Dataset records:

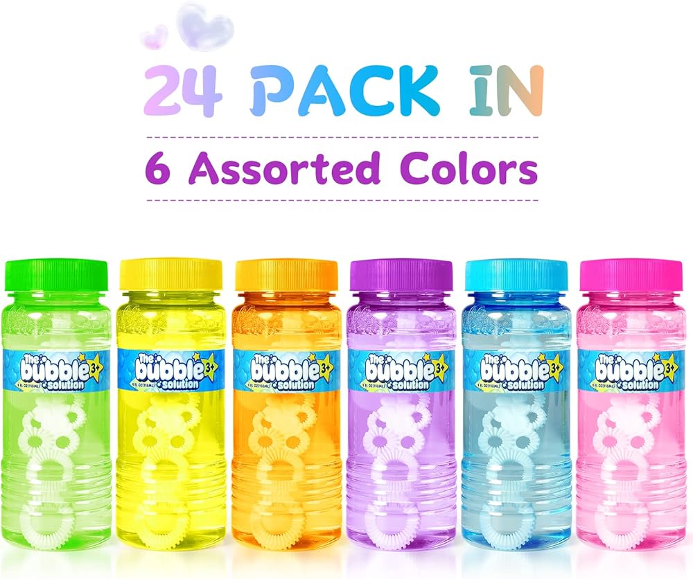 Super Value Package:Our kids bubbles bulk includes a total of 24 bubble bottles. Each comes with 4oz solution and a bubble wand that can blow a beautiful series of bubbles. These come in 6 lovely bright colors (purple, green, pink, orange, blue and yellow), which is great to be party favors.
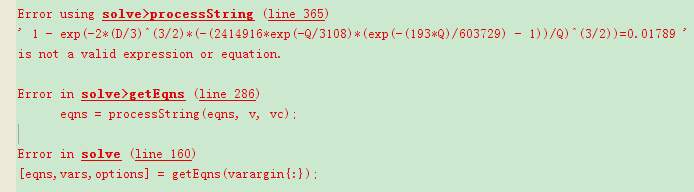 matlab解二元方程组,错误提示,求解决方法已有2人参与
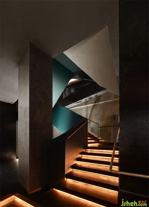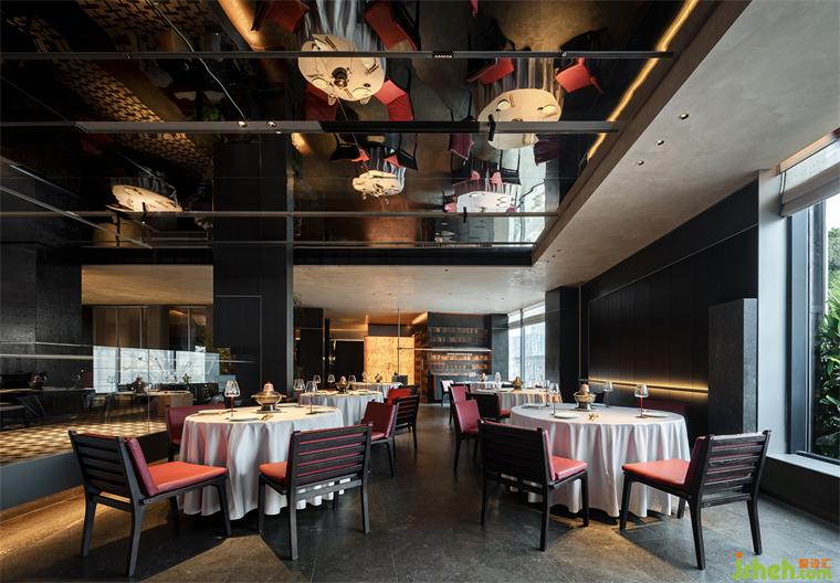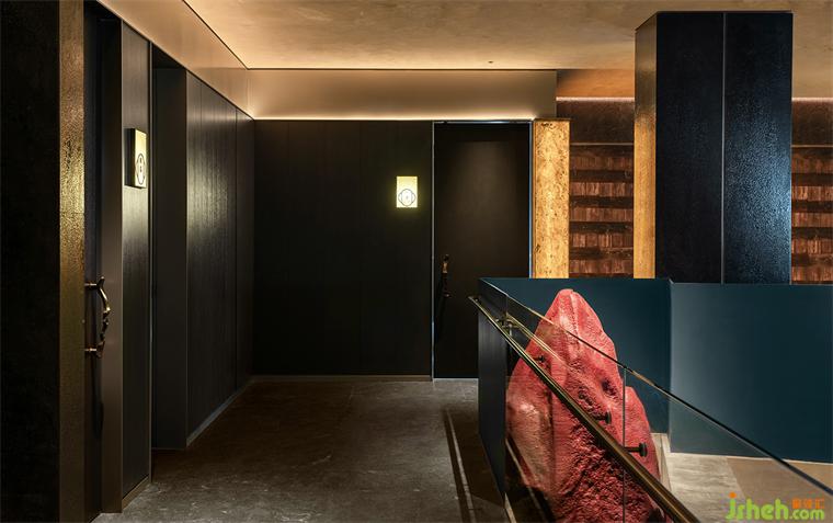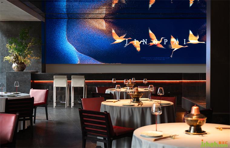 扶梯一側使用傳統(tǒng)天青色,如宋畫中一行流水以當代的力道貫穿垂直空間。山石、畫屏、透光石做角落點綴,傳統(tǒng)意向成為當代空間偶爾的駐足和回望,火鍋餐廳設計對比重力度的把控也是設計在詮釋當代空間時的重要考量。
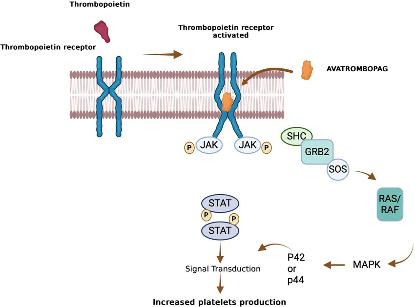 阿伐曲泊帕通过选择性激活血小板生成素(TPO)受体,刺激骨髓中巨核细胞的增殖和分化,从而增加血小板的生成。与内源性的TPO相比,阿伐曲泊帕具有更高的亲和力,能够更有效地促进血小板的生成。
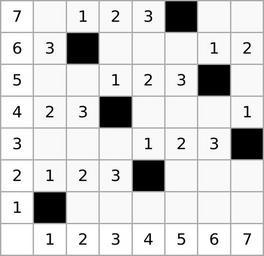 | Keywords: Сатиновое переплетение 7.3.png ru Сатиновое Ð¿ÐµÑ ÐµÐ¿Ð»ÐµÑ‚ÐµÐ½Ð¸Ðµ 7/3 own Quicktotal 2013-01-05 wikitable center background white 7 1 2 3 background black center background white 6 3 background black 1 2 center background white 5 1 2 3 background black center background white 4 2 3 background black 1 center background white 3 1 2 3 background black center background white 2 1 2 3 background black center background white 1 background black center style background white 1 2 3 4 5 6 7 <source lang html5 > wikitable center background white 7 1 2 3 background black center background white 6 3 background black 1 2 center background white 5 1 2 3 background black center background white 4 2 3 background black 1 center background white 3 1 2 3 background black center background white 2 1 2 3 background black center background white 1 background black center style background white 1 2 3 4 5 6 7 </source> Weaving patterns Cc-zero |
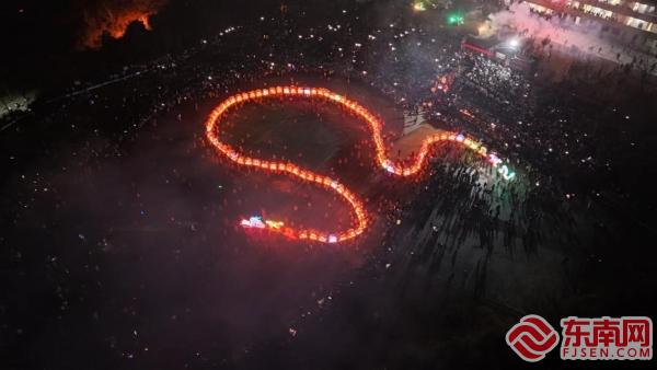 東南網龍巖2月15日訊(本網記者 邱之劼)三百米板凳龍舞動新春,非遺魅力點燃新橋夜空。2月14日,農歷大年初五,福建省漳平市新橋鎮西埔村的千名村民共同舞起長約三百米的板凳花燈龍,穿村祈福。
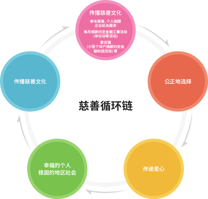 人们在大家的参与下获得力呈,又接二连三参与到 慈善当中,使慈善的循环链越来越强大。

HOW TO COMPLETE THIS TASK
Return every entry unchanged and skip the pictures.

WORKED SOLUTION
 Super Value Package:Our kids bubbles bulk includes a total of 24 bubble bottles. Each comes with 4oz solution and a bubble wand that can blow a beautiful series of bubbles. These come in 6 lovely bright colors (purple, green, pink, orange, blue and yellow), which is great to be party favors.
 matlab解二元方程组,错误提示,求解决方法已有2人参与
 扶梯一側使用傳統(tǒng)天青色,如宋畫中一行流水以當代的力道貫穿垂直空間。山石、畫屏、透光石做角落點綴,傳統(tǒng)意向成為當代空間偶爾的駐足和回望,火鍋餐廳設計對比重力度的把控也是設計在詮釋當代空間時的重要考量。
 阿伐曲泊帕通过选择性激活血小板生成素(TPO)受体,刺激骨髓中巨核细胞的增殖和分化,从而增加血小板的生成。与内源性的TPO相比,阿伐曲泊帕具有更高的亲和力,能够更有效地促进血小板的生成。
 | Keywords: Сатиновое переплетение 7.3.png ru Сатиновое Ð¿ÐµÑ ÐµÐ¿Ð»ÐµÑ‚ÐµÐ½Ð¸Ðµ 7/3 own Quicktotal 2013-01-05 wikitable center background white 7 1 2 3 background black center background white 6 3 background black 1 2 center background white 5 1 2 3 background black center background white 4 2 3 background black 1 center background white 3 1 2 3 background black center background white 2 1 2 3 background black center background white 1 background black center style background white 1 2 3 4 5 6 7 <source lang html5 > wikitable center background white 7 1 2 3 background black center background white 6 3 background black 1 2 center background white 5 1 2 3 background black center background white 4 2 3 background black 1 center background white 3 1 2 3 background black center background white 2 1 2 3 background black center background white 1 background black center style background white 1 2 3 4 5 6 7 </source> Weaving patterns Cc-zero |
 東南網龍巖2月15日訊(本網記者 邱之劼)三百米板凳龍舞動新春,非遺魅力點燃新橋夜空。2月14日,農歷大年初五,福建省漳平市新橋鎮西埔村的千名村民共同舞起長約三百米的板凳花燈龍,穿村祈福。
 人们在大家的参与下获得力呈,又接二连三参与到 慈善当中,使慈善的循环链越来越强大。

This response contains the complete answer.